FIGURE 3 Aspirate of salivary gland.

Due to close proximity, the mandibular salivary gland can be mistakenly aspirated when attempting to collect a sample from the mandibular lymph node. In this sample, note how the RBCs are arranged in a linear array (windrowing) from the viscosity of the mucus. The salivary gland epithelial cells (black arrows) occur individually or in small clusters and are characterized by abundant, vacuolated basophilic cytoplasm and round nuclei with condensed chromatin. Notice how these epithelial cells are much larger than the neutrophil in the lower right corner (red arrow). (Wright-Giemsa stain, magnification 200×)

FIGURE 4 Aspirate showing plasma cell hyperplasia and macrophagic inflammation.

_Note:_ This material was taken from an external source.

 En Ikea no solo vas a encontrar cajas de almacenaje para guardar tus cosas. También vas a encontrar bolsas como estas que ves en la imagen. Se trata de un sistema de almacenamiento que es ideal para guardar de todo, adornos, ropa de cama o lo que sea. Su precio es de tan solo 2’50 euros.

Three macrophages (black arrows) are characterized by abundant, vacuolated cytoplasm and irregularly shaped nuclei, with moderately condensed chromatin. Four plasma cells (red arrows), similar in size to the neutrophil (blue arrow), have eccentric nuclei, condensed chromatin, and abundant deeply basophilic cytoplasm that often contains a perinuclear clear area (Golgi region). In addition, numerous small lymphocytes, an intermediate lymphocyte (yellow arrow), and several RBCs are present. Plasma cell hyperplasia can develop with antigenic stimulation. Macrophagic inflammation can be attributed to infectious agents (e.g., fungal, protozoal, mycobacterial, or algal infections), vasculitis, chronic inflammation, and hemorrhage or hemolysis. (Wright-Giemsa stain, magnification 1000×)

FIGURE 5 Aspirate showing lymphoid and plasma cell hyperplasia.

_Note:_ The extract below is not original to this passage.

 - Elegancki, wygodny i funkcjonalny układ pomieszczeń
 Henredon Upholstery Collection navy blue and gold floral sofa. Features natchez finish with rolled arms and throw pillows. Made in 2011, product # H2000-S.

Note the size of 2 large lymphocytes (black arrows), as compared with the neutrophils (gray arrow). Note that the neutrophil granules stain more eosinophilic in this preparation, but are not as prominent as eosinophil granules (see Figures 7 and 10). Two of the several plasma cells contain numerous distinct clear inclusions (red arrows); these plasma cells are referred to as Mott cells, which have inclusions (ie, Russell bodies) packed in the cytoplasm. Russell bodies are typically round but can vary in size, shape, and color and can result from dilation of the rough endoplasmic reticulum during antibody production. Also present are numerous broken lymphocytes and RBCs. The sharply demarcated refractile areas in the RBCs are a common artifact. (Wright-Giemsa stain, magnification 1000×)

FIGURE 6 Aspirate of marked mixed inflammation attributed to blastomycosis.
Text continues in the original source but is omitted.